Business model reinvention presents opportunities to collaborate and drive outsized returns

PwC conducted a Ways to Play analysis of leading technology, media and telecom businesses and classified these businesses according to several profitability, growth and investment metrics. On average, we found that ecosystem drivers achieve 50% to 60% margins compared to the 30% to 35% margins with traditional product-led companies. There’s an opportunity to lift the bottom line by embracing ecosystems, but capturing the opportunity requires sustained focus and investment — and an appetite for risk. Ecosystems enable access to untapped segments of the market, drive increased consumer loyalty, increase business agility and provide pathways to value by unlocking new commercial opportunities.

In contrast to traditional partnership models that are primarily transactional, business ecosystems cultivate a deeper level of interdependence. The success of the ecosystem relies on the collective contributions and collaboration of its participants. By embracing this interdependence, businesses can harness the ecosystem’s power to drive innovation, create value and seize new opportunities.

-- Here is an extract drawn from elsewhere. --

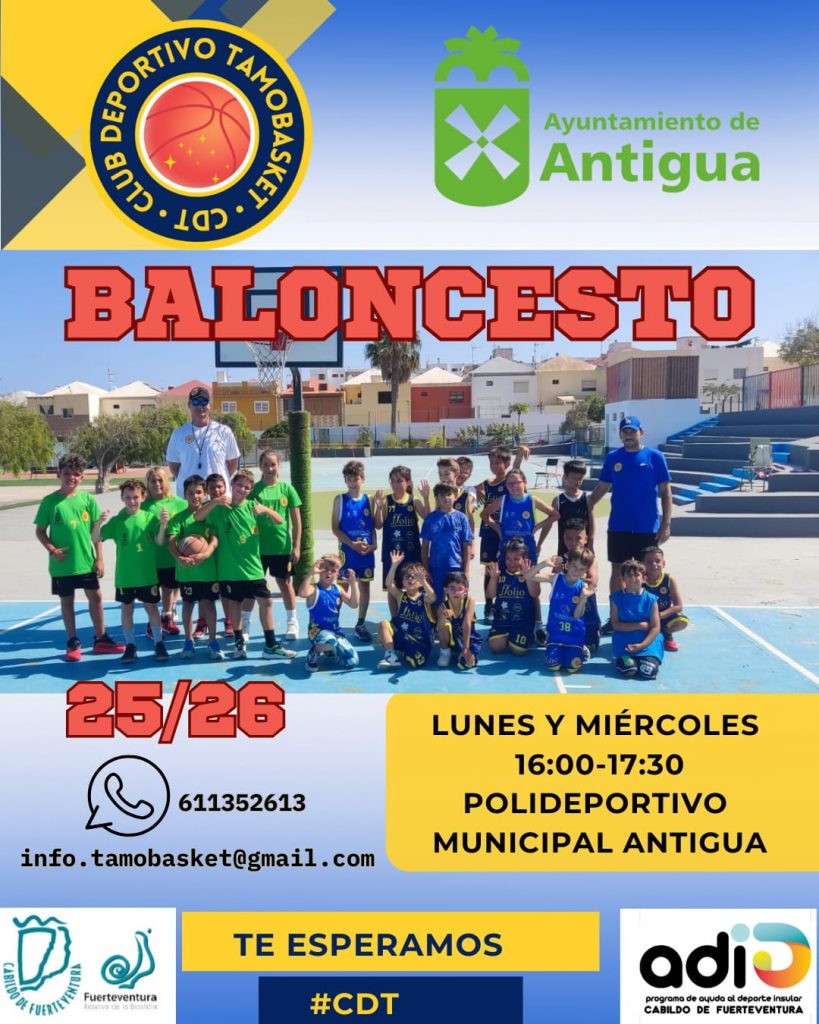 Todos los componentes del Tamobasket animan a jugar al baloncesto y venir a entrenar cada lunes y miércoles de 16:00 a 17:30 horas en la cancha del Polideportivo Municipal de Antigua.

Some players, we call them "independents," will likely opt out of participating in business ecosystems, choosing to operate without investing in a business network due to factors like niche focus, regulatory challenges, closed innovation or desire to maintain full control of their value chain.

Ecosystems require a willingness to prioritize long-term sustainability over short-term gains and to actively engage in building strong relationships and trust among ecosystem participants. Through collaboration, organizations can help unlock the full potential of the ecosystem and achieve collective success.

Ecosystem value streams

The value generated within a thriving business ecosystem is compounded. Small initial successes can quickly grow over time as the size of the network increases, partnership synergies are realized and competitive momentum takes hold. For the individual business, engaging in ecosystems can present many benefits.

Ecosystem players can get more creative with what and how they sell. The partnerships formed throughout the network can help allow businesses to expand into new domains by targeting new customer segments, reaching previously untapped geographies and commercializing new offerings. Ecosystems can also provide new monetization sources such as subscription/recurring revenue, data and transactional information, and add-ons and licensing.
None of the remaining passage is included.